Africa’s tourism sector continues to occupy a paradoxical space in global travel discourse: widely acknowledged as the industry’s next major frontier, yet still capturing only a fraction of global tourist arrivals despite its vast natural landscapes, cultural wealth, and youthful, digitally connected population.

The persistent gap between potential and performance has long been a central question for policymakers and investors. It is precisely this challenge that will take centre stage at the upcoming Africa Legacy Summit, an intercontinental tourism symposium scheduled to hold on May 15 and 16, 2026, in Lagos, Nigeria.

Hosted by Eko Hotels and Suites as part of its 50th anniversary celebrations, the summit is expected to draw a broad mix of stakeholders, including African tourism ministers, policymakers, private investors, corporate leaders, hospitality executives, students, and young professionals from across Africa and the Caribbean.

For two days, Lagos’ waterfront will transform into a strategic meeting point for discussions on how Africa’s hospitality and tourism sector can strengthen its global competitiveness. Among the confirmed keynote speakers are Ambassador Wallace Williams and Pan-Africanist Professor Patrick Lumumba, alongside other industry figures.

A shift from promise to structured opportunity

Anchored on the theme “African Hospitality: Rich with Possibility, Ready for Afro Collaboration,” the summit reflects a growing emphasis on practical cooperation rather than aspirational messaging. The focus, organisers suggest, is on how tourism can evolve from fragmented national efforts into coordinated continental growth.

Tourism remains one of the most viable pathways for economic diversification across Africa, particularly in job creation, foreign exchange earnings, and small business development. However, sustained expansion has often been hindered by structural challenges—ranging from infrastructure deficits and inconsistent hospitality standards to fragmented visa regimes and weak cross-border branding strategies.

From rhetoric to execution

Against this backdrop, the Lagos gathering is expected to prioritise actionable frameworks: attracting international investment into tourism infrastructure, improving service standards across the hospitality value chain, and strengthening connectivity between African destinations and global travel networks.

The agenda signals a deliberate pivot away from promotional narratives toward implementation-driven dialogue, with emphasis on collaboration between governments, private sector actors, and regional institutions.

Learning from established models

Within continental discussions, Kenya is frequently referenced as a benchmark for tourism development. Its success has been driven by sustained investment in wildlife conservation, structured hospitality training, and consistent international marketing.
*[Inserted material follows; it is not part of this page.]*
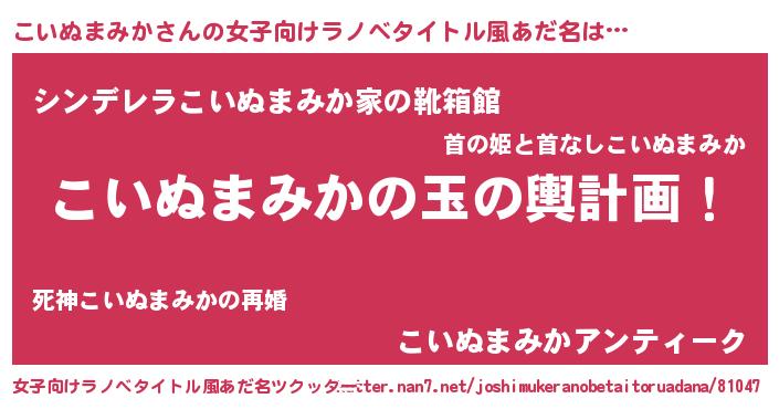 | 男性向けラノベタイトル風あだ名 | 『転生したらこいぬまみかだった件』 |

The result is a globally recognised tourism brand that integrates natural heritage with high-quality visitor experiences—an approach many African countries continue to study and adapt.
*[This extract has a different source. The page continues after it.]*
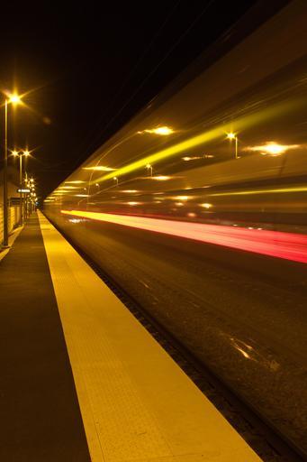 Keywords: train ter wharf speed station night lighting reflection transparency track ferré path iron line leak

Lagos as a cultural tourism signal

The choice of Lagos as host city adds symbolic weight to the conversation. While Nigeria’s commercial hub is not traditionally positioned as a leisure tourism destination in the mould of cities like Cape Town or Marrakech, its expanding creative economy is reshaping perceptions.
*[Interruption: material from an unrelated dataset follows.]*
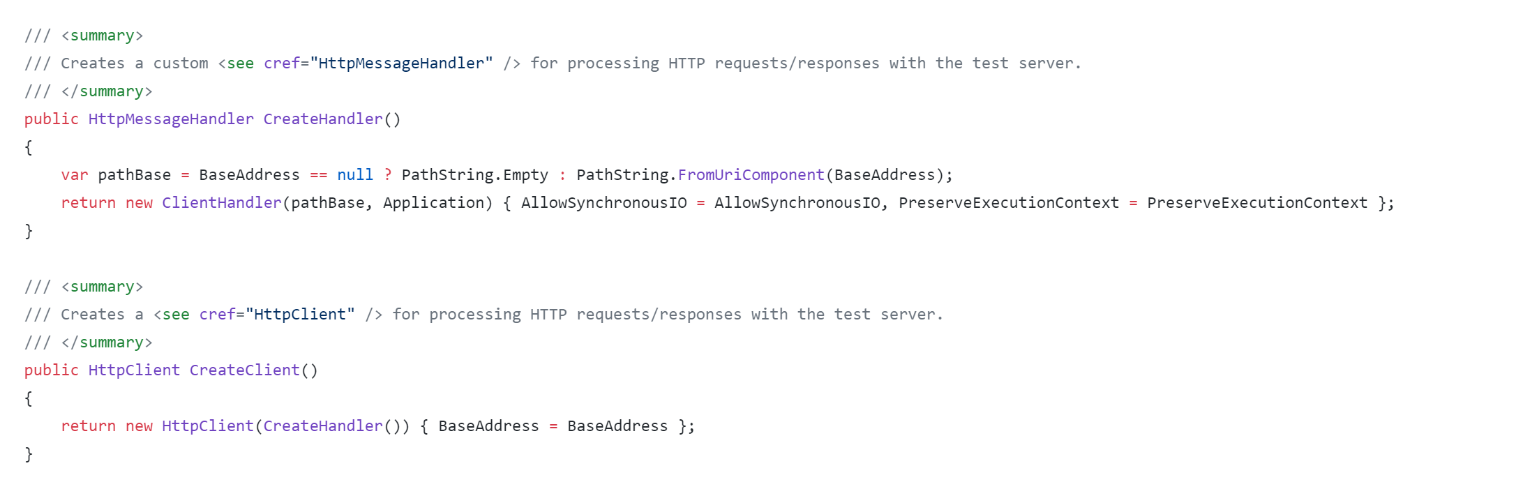 TestServer 通过 CreateClient 方法来创建调用 TestServer 接口的 HttpClient

Music, fashion, film, and cuisine have increasingly positioned Lagos as a cultural export hub, demonstrating how urban creativity can complement traditional tourism models and attract new categories of international visitors.

A milestone for African hospitality

For Eko Hotels and Suites, which has operated as one of West Africa’s leading hospitality brands for five decades, the summit represents both a celebratory milestone and a strategic statement on Africa’s global hospitality readiness.

Speaking on the significance of the event, Director of Sales and Marketing, Dr. Iyadunni Gbadebo, described the summit as part of a broader repositioning of Africa within global tourism discourse—shifting perceptions from untapped potential to structured, investable opportunity.

She noted that meaningful outcomes from the summit could help reshape how Africa is viewed internationally, not merely as a destination of promise, but as one capable of delivering coordinated, competitive tourism experiences.

“In tourism, as in diplomacy, the welcome matters. Africa appears ready to extend one,” she said.

As preparations continue, expectations are building that the Lagos summit may serve as more than just a commemorative gathering—potentially becoming a reference point in Africa’s long effort to convert tourism promise into measurable global scale.